Fig. 3: Ion selectivity and physiological features of VirChR1.

a Schematic comparison of VirChR1 and CrChR2 ion channeling activity under different calcium concentrations, membrane boundaries are shown schematically as black horizontal lines. b Voltage-clamp records from n = 1 representative SH-SY5Y cell, expressing VirChR1 with (left) 10 mM HEPES pH 7.4, 110 mM NaCl, 2 mM MgCl₂ and (right) 110 mM L-arginine hydrochloride replacing NaCl in bath. Pipette solution during experiments was: 10 mM HEPES pH 7.4, 110 mM NaCl, 2 mM MgCl₂, 10 mM EGTA, illumination by LED (470 nm) lamp is indicated with light blue color. c Current–voltage dependences for n = 1 representative SH-SY5Y cell in 110 mM NaCl (red) and 110 mM L-arginine hydrochloride (blue).
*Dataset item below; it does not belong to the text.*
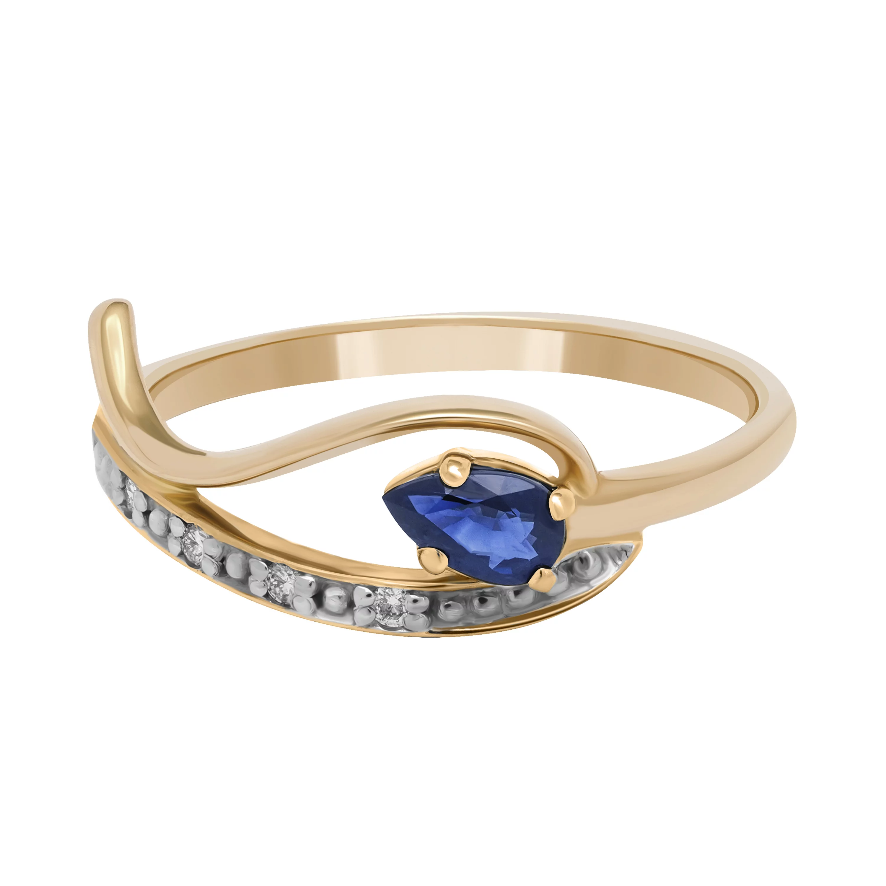 Кольцо из комбинированного золота с дорожкой бриллиантов исапфиром - 1801430

Currents are reproducible and typical to those in n = 9 experiments with other cells (and n = 21 experiments under slightly different NaCl concentrations varied from 110 mM to 140 mM). d Action spectrum of VirChR1 measured using equal photon fluxes (Sample size, n = 18–20). e Voltage-clamp records from n = 1 representative SH-SY5Y cell expressing VirChR1 in bath solution (left) 10 mM HEPES pH 7.4, 110 mM NaCl, 2 mM MgCl₂ and (right) in 80 mM CaCl₂ replacing NaCl in bath solution. f Current–voltage dependences for n = 1 representative SH-SY5Y cell in 110 mM NaCl (red) and 80 mM CaCl₂ (indigo) solutions. g Excitation recovery of photocurrent after a short pulse of nanosecond laser (500 nm) activation. Tau-off was measured in n = 5 independent experiments. Current–voltage dependences for n = 1 cell for different bath/pipette solution. Traces are shown for h bath solutions: 110 mM NaCl (red) and 110 mM KCl (green) (pipette solution is standard) and i pipette solution 110 mM L-arginine hydrochloride salt solution of pH 5.0 (bath solution is standard). Estimation of relative conductivities for different ions was done by fitting traces with Goldman-equation. l Current dependence on calcium concentration in bath solution measured at +80 mV (inflection point is at ~2.2 mM of calcium). For all electrophysiological recordings at n = 1 cell currents were reproducible in n = 3–10 independent experiments with other cells. No current averaging between cells was done, since different cells have significantly different protein expression levels. Data are presented as mean values ± SEM of current value under illumination in the cell measured.